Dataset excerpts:

# # # # #

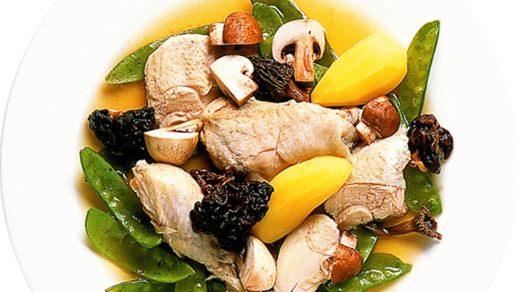 3. Nosta broileri kattilasta ja leikkaa siitä reisipalat, siipipalat ja neljä rintapalaa. Nosta kunkin ruokailija lautaselle kaksi palaa ja tarjoa lisänä sieniä, sokeriherneitä ja perunoita.
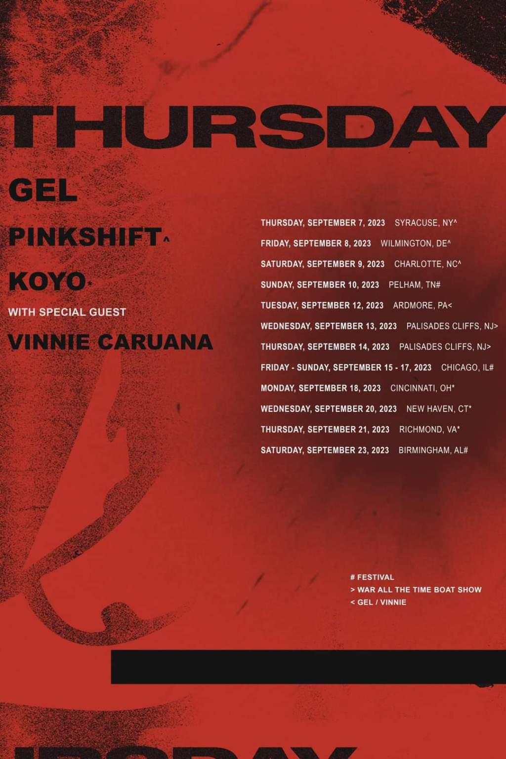 Thursday have announced a September U.S. tour. Gel and Vinnie Caruana will join them at most headlining shows. Pinkshift and Koyo will also perform on select dates. Here’s where you can catch them:
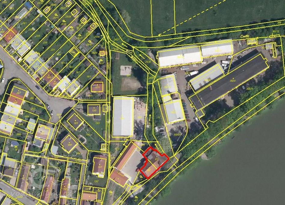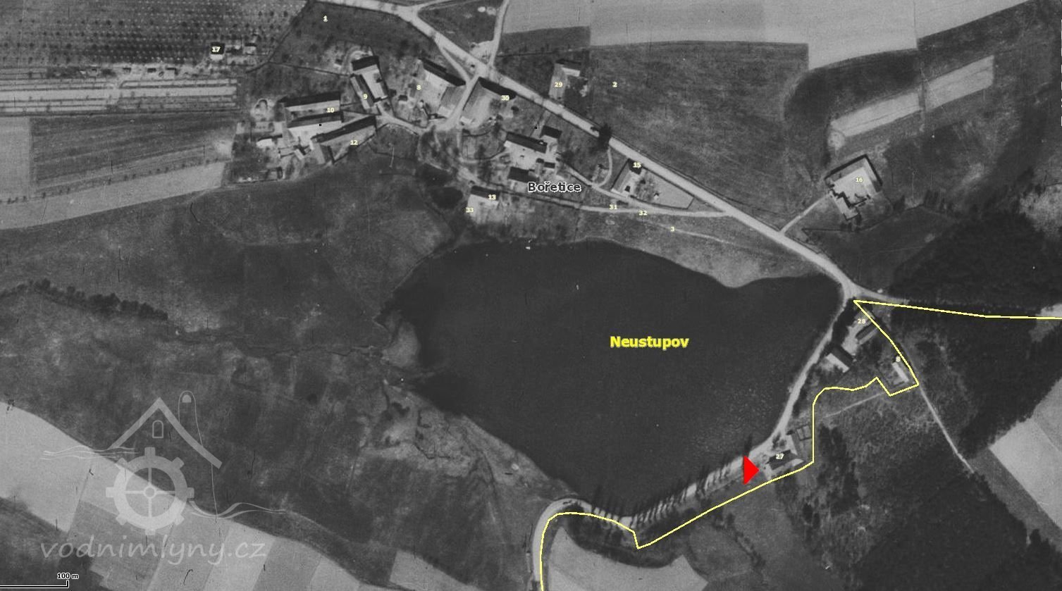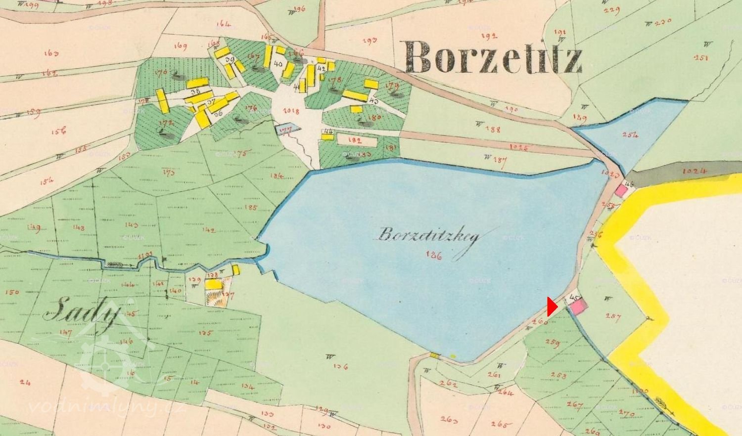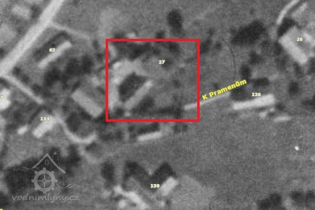 situace na kat. mapě - na mapě jsou stále st. parcely mlýna i přístupovou cestou (st. 46 a 82 dle cuzk vlastní stále jakýsi Stanislav Beníšek), -, © cuzk
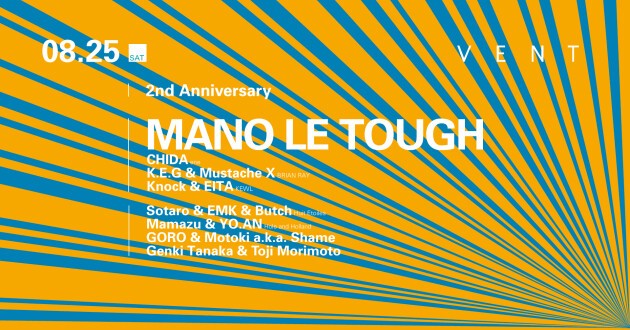 Since opening in 2016, Omotesando VENT has made some serious waves in the Tokyo club scene with its state-of-the-art sound system and its consistency in booking only the best acts from around the world. Come celebrate two amazing years with us at VENT on August 25th with the breakthrough artist in the electronic music scene, Mano Le Tough.
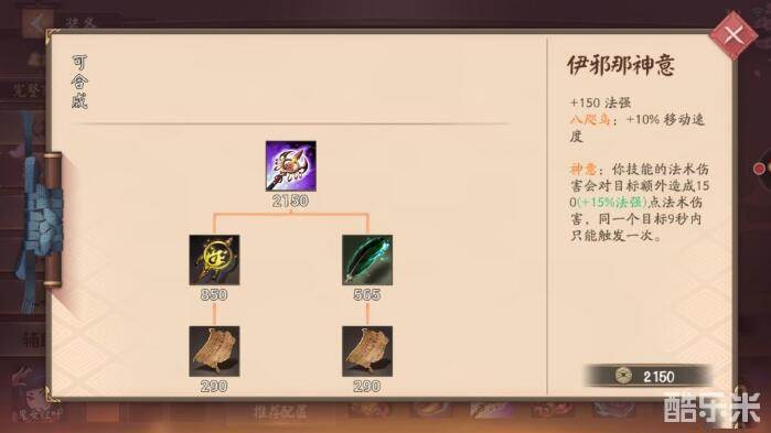 伊邪那神意可以提供150点法强和两个被动效果。单看基础属性并不出众,但是其被动效果非常强大。八咫乌,增加移动速度,无论逃跑还是追击都更加的轻松。神意,法术技能的伤害会对目标额外造成150(+15%法强)点法术伤害,远比加150点法强更实用。
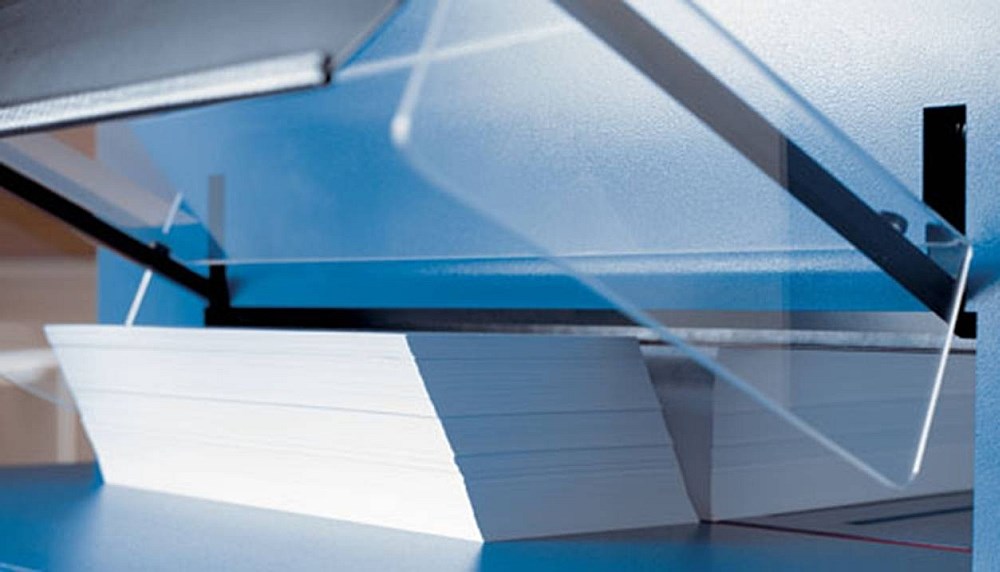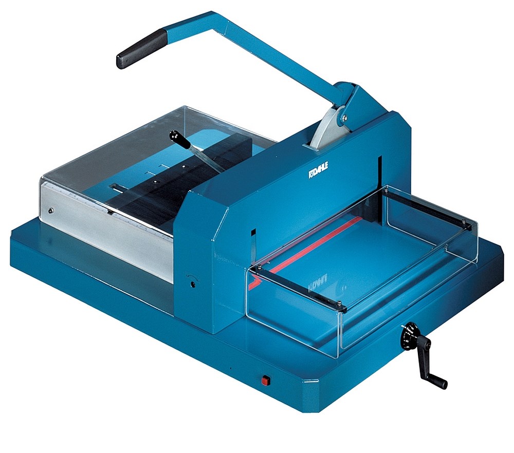 Dahle 848 je rezač za teške radne uvjete i pogodan je za brzo i točno odvajanja cijele hrpe ispisa ili precizno dimenzioniranje velike buntova papira, sve to uz apsolutnu sigurnost. Nudi niz praktičnih obilježja; milimetarsku točnost postižete zahvaljujući navojnom pomaku stražnjeg graničnika. Ima brušeni gornji nož, sigurnosnu zaštitu od pleksiglasa, pri čemu je prednja strana podizna, a stražnja fiksna te brzo manualno stezanje bunta koji se reže
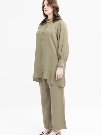 Achieve a modern and comfortable style with the Khaki-Slit Detail Modal Pantsuit. Explore other models in ALLDAY’s Pantsuit category. Complete
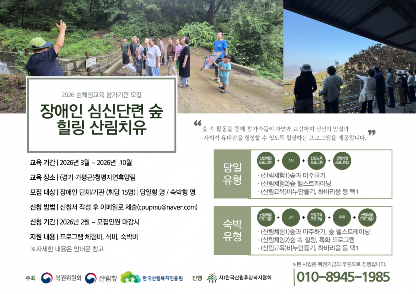 [2026 숲체험·교육사업 참가자모집]_장애인 심신단련 숲 힐링 산림치유
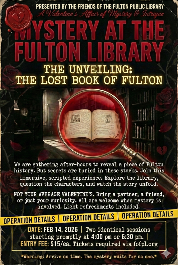 Step inside the historic Fulton Public Library after hours for an evening where the stacks hold more than just stories. The Friends of the Fulton Library invite you to The Unveiling: The Lost Book of Fulton, an immersive, scripted mystery experience designed for the curious and the adventurous.
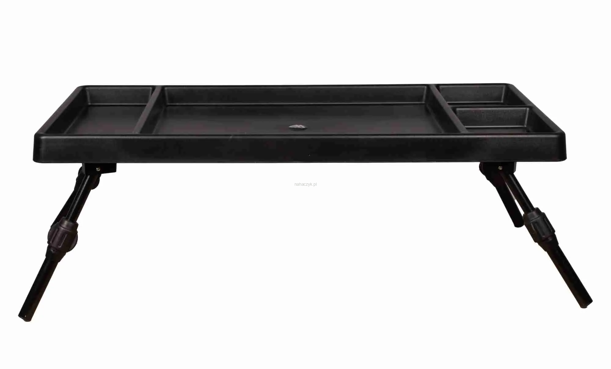 Klasyczny stolik karpiowy wykonany z mocnego i elastycznego tworzywa PP. Wyposażony w 4 regulowane nóżki i specjalnie wyprofilowany blat z komorami na drobne akcesoria.
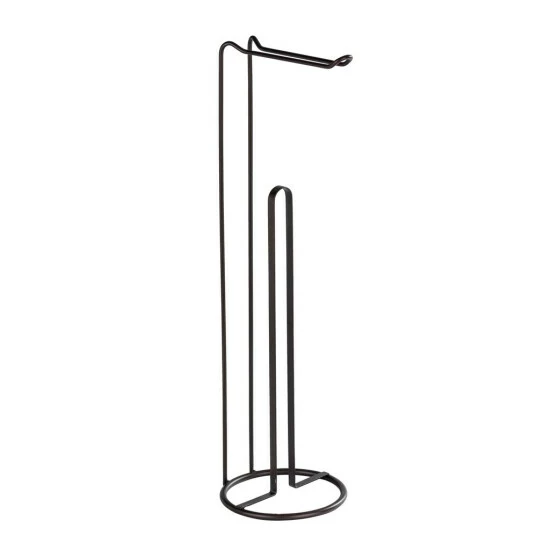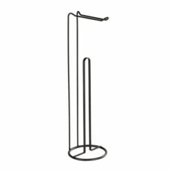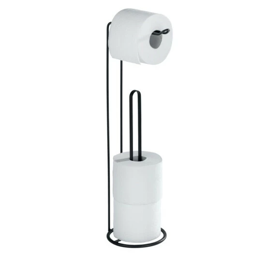 Der ausgefallene Stand-Toilettenpapierhalter Lugano 2 in 1 ist im rustikalen Fabrik-Look gestaltet und aus hochwertigem Stahl mit matt-schwarzer Lackierung gefertigt. Durch das Industrial Design ergänzt der Ersatzrollenhalter originell und akzentreich jedes Bad und Gäste-WC.
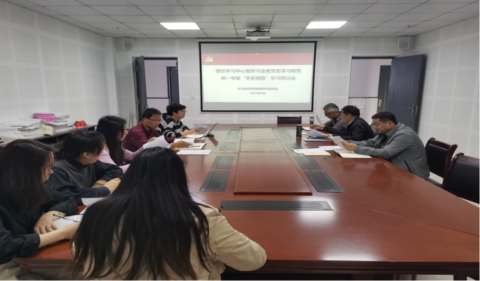 4月30日,管理学院党委在实训楼C310会议室召开理论学习中心组学习会暨党史学习教育第一专题“学史明理”专题研讨会。党委书记刘大为主持。学院处级领导干部、支部书记、科级干部、辅导员参会。
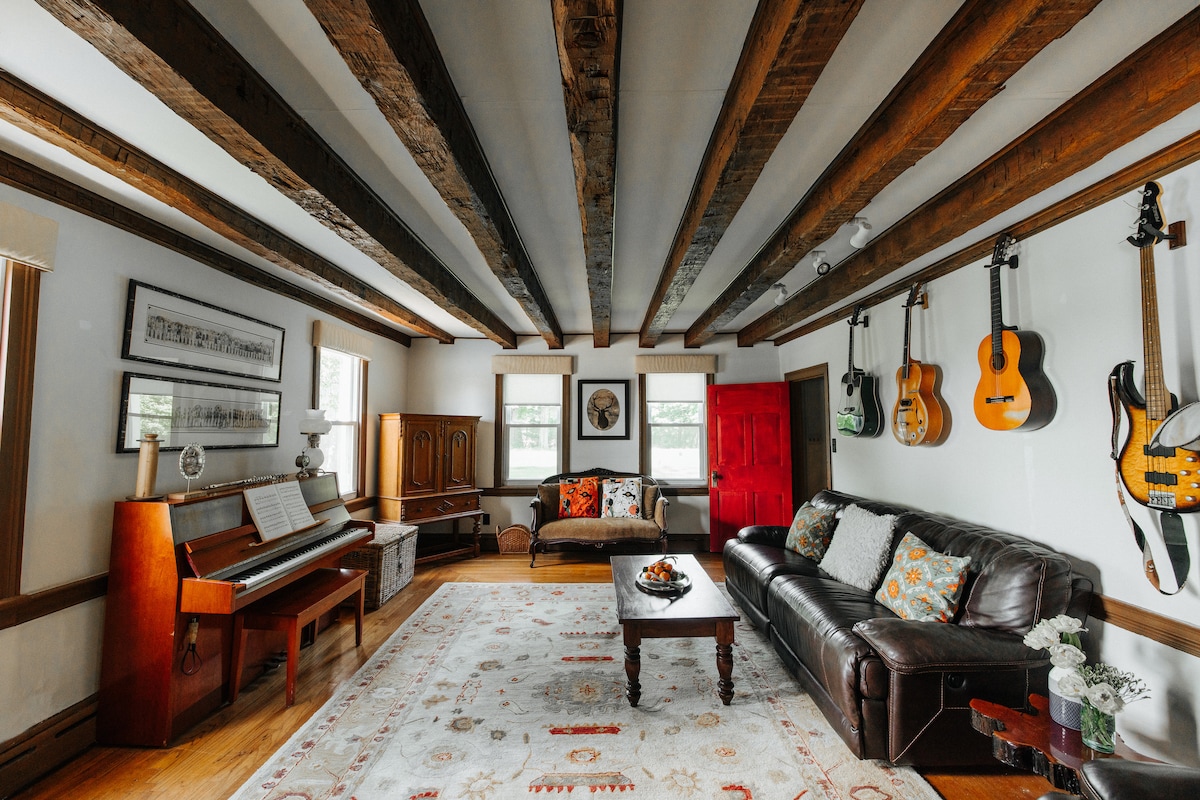 Escápate a un apartamento privado increíblemente renovado en un tercer piso de 6000 pies cuadrados. Mansión victoriana de 1883 en Blooming Grove, Nueva York. Diseñado para 1–6 huéspedes, este espacio lleno de luz ofrece comodidad y encanto clásico en un entorno rural tranquilo. Incluye camas de lujo, una bañera con patas, ducha con puerta francesa y cocina americana con un soleado rincón para desayunar. Un santuario ideal. Vistas de flores silvestres, campo tranquilo y vacas al lado. Tercer piso subiendo dos escaleras, recompensado con un espacio impresionante y vistas elevadas.
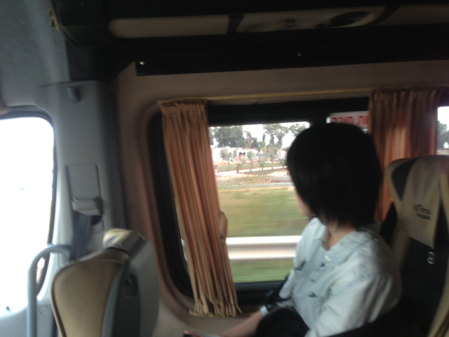バスでヘルモン山に移動中。 クネクネする道もあるので、酔いませんように。
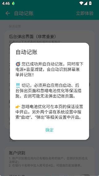 1、修复自动记账不弹出页面问题。在开启应用自启动、后台弹出页面和忽略电池优化等保活措施后,并且不划掉app的情况下,可以确保自动记账服务稳定运行。忽略电池优化可在自动记账页面的保活设置中开启,另外两个请在系统设置中搜索“启动”、“弹出”等相关设置中开启。
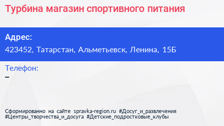 Турбина, магазин спортивного питания по адресу 423452, Татарстан, Альметьевск, Ленина, 15Б в дальнейшем Организация, размещена в следующих категориях:
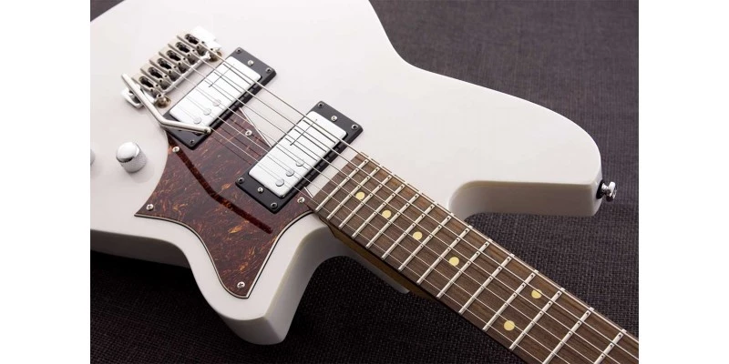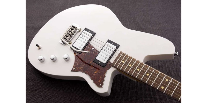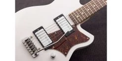 The korina body is well balanced both acoustically and in terms of weight. It features flawlessly finished Transparent White paintwork. The hardware on this Reverend Descent W Baritone puts it in the professional league. A set of Railhammer Humcutter pickups deliver P90 tones without the hum. They can be tweaked using the volume and tone controls. You also get an extra control called a Bass Contour. This lets you dial in or out a certain frequency of bass depending on how you use it. A quality Wilkinson tremolo unit and a set of locking machine heads helps keep the tuning stable.
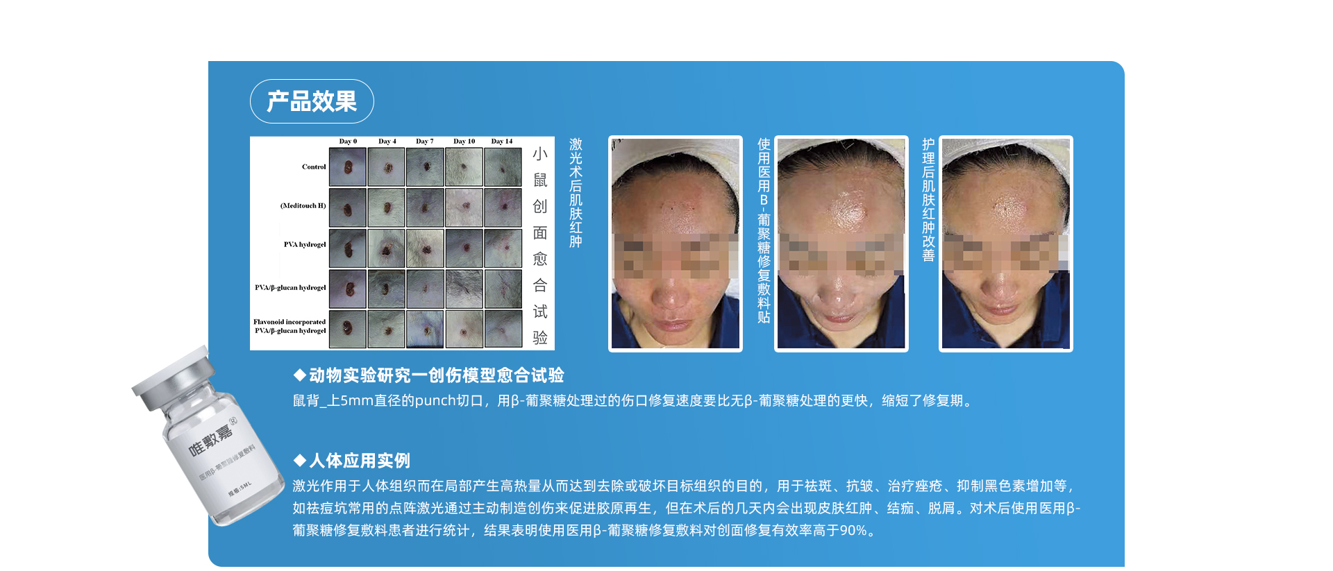 【产品类别】敷料【批准文号】黑械注准20232140027【招商区域】全国【产品卖点】降低炎症反应、促进创面愈合、保湿补水抗衰老【产品说明】【产品名称】医用β-葡聚糖修复敷料【型号规格】Ⅰ型:3g、4g、5g、7g、10g、12g、15g、18g、20g、25g、27g、30g、33g、35g。【产品性状】本品非织造布平铺后外周圆滑无缺口,各切口平滑整齐,无脱屑、脱丝现象;溶液为无色或乳白色至淡黄色液体...

# # # # #

What you will do =>
Pictures stay out of the copy; please restate every record above exactly.

Result of the task =>
 3. Nosta broileri kattilasta ja leikkaa siitä reisipalat, siipipalat ja neljä rintapalaa. Nosta kunkin ruokailija lautaselle kaksi palaa ja tarjoa lisänä sieniä, sokeriherneitä ja perunoita.
 Thursday have announced a September U.S. tour. Gel and Vinnie Caruana will join them at most headlining shows. Pinkshift and Koyo will also perform on select dates. Here’s where you can catch them:
 situace na kat. mapě - na mapě jsou stále st. parcely mlýna i přístupovou cestou (st. 46 a 82 dle cuzk vlastní stále jakýsi Stanislav Beníšek), -, © cuzk
 Since opening in 2016, Omotesando VENT has made some serious waves in the Tokyo club scene with its state-of-the-art sound system and its consistency in booking only the best acts from around the world. Come celebrate two amazing years with us at VENT on August 25th with the breakthrough artist in the electronic music scene, Mano Le Tough.
 伊邪那神意可以提供150点法强和两个被动效果。单看基础属性并不出众,但是其被动效果非常强大。八咫乌,增加移动速度,无论逃跑还是追击都更加的轻松。神意,法术技能的伤害会对目标额外造成150(+15%法强)点法术伤害,远比加150点法强更实用。
 Dahle 848 je rezač za teške radne uvjete i pogodan je za brzo i točno odvajanja cijele hrpe ispisa ili precizno dimenzioniranje velike buntova papira, sve to uz apsolutnu sigurnost. Nudi niz praktičnih obilježja; milimetarsku točnost postižete zahvaljujući navojnom pomaku stražnjeg graničnika. Ima brušeni gornji nož, sigurnosnu zaštitu od pleksiglasa, pri čemu je prednja strana podizna, a stražnja fiksna te brzo manualno stezanje bunta koji se reže
 Achieve a modern and comfortable style with the Khaki-Slit Detail Modal Pantsuit. Explore other models in ALLDAY’s Pantsuit category. Complete
 [2026 숲체험·교육사업 참가자모집]_장애인 심신단련 숲 힐링 산림치유
 Step inside the historic Fulton Public Library after hours for an evening where the stacks hold more than just stories. The Friends of the Fulton Library invite you to The Unveiling: The Lost Book of Fulton, an immersive, scripted mystery experience designed for the curious and the adventurous.
 Klasyczny stolik karpiowy wykonany z mocnego i elastycznego tworzywa PP. Wyposażony w 4 regulowane nóżki i specjalnie wyprofilowany blat z komorami na drobne akcesoria.
 Der ausgefallene Stand-Toilettenpapierhalter Lugano 2 in 1 ist im rustikalen Fabrik-Look gestaltet und aus hochwertigem Stahl mit matt-schwarzer Lackierung gefertigt. Durch das Industrial Design ergänzt der Ersatzrollenhalter originell und akzentreich jedes Bad und Gäste-WC.
 4月30日,管理学院党委在实训楼C310会议室召开理论学习中心组学习会暨党史学习教育第一专题“学史明理”专题研讨会。党委书记刘大为主持。学院处级领导干部、支部书记、科级干部、辅导员参会。
 Escápate a un apartamento privado increíblemente renovado en un tercer piso de 6000 pies cuadrados. Mansión victoriana de 1883 en Blooming Grove, Nueva York. Diseñado para 1–6 huéspedes, este espacio lleno de luz ofrece comodidad y encanto clásico en un entorno rural tranquilo. Incluye camas de lujo, una bañera con patas, ducha con puerta francesa y cocina americana con un soleado rincón para desayunar. Un santuario ideal. Vistas de flores silvestres, campo tranquilo y vacas al lado. Tercer piso subiendo dos escaleras, recompensado con un espacio impresionante y vistas elevadas.
バスでヘルモン山に移動中。 クネクネする道もあるので、酔いませんように。
 1、修复自动记账不弹出页面问题。在开启应用自启动、后台弹出页面和忽略电池优化等保活措施后,并且不划掉app的情况下,可以确保自动记账服务稳定运行。忽略电池优化可在自动记账页面的保活设置中开启,另外两个请在系统设置中搜索“启动”、“弹出”等相关设置中开启。
 Турбина, магазин спортивного питания по адресу 423452, Татарстан, Альметьевск, Ленина, 15Б в дальнейшем Организация, размещена в следующих категориях:
 The korina body is well balanced both acoustically and in terms of weight. It features flawlessly finished Transparent White paintwork. The hardware on this Reverend Descent W Baritone puts it in the professional league. A set of Railhammer Humcutter pickups deliver P90 tones without the hum. They can be tweaked using the volume and tone controls. You also get an extra control called a Bass Contour. This lets you dial in or out a certain frequency of bass depending on how you use it. A quality Wilkinson tremolo unit and a set of locking machine heads helps keep the tuning stable.
 【产品类别】敷料【批准文号】黑械注准20232140027【招商区域】全国【产品卖点】降低炎症反应、促进创面愈合、保湿补水抗衰老【产品说明】【产品名称】医用β-葡聚糖修复敷料【型号规格】Ⅰ型:3g、4g、5g、7g、10g、12g、15g、18g、20g、25g、27g、30g、33g、35g。【产品性状】本品非织造布平铺后外周圆滑无缺口,各切口平滑整齐,无脱屑、脱丝现象;溶液为无色或乳白色至淡黄色液体...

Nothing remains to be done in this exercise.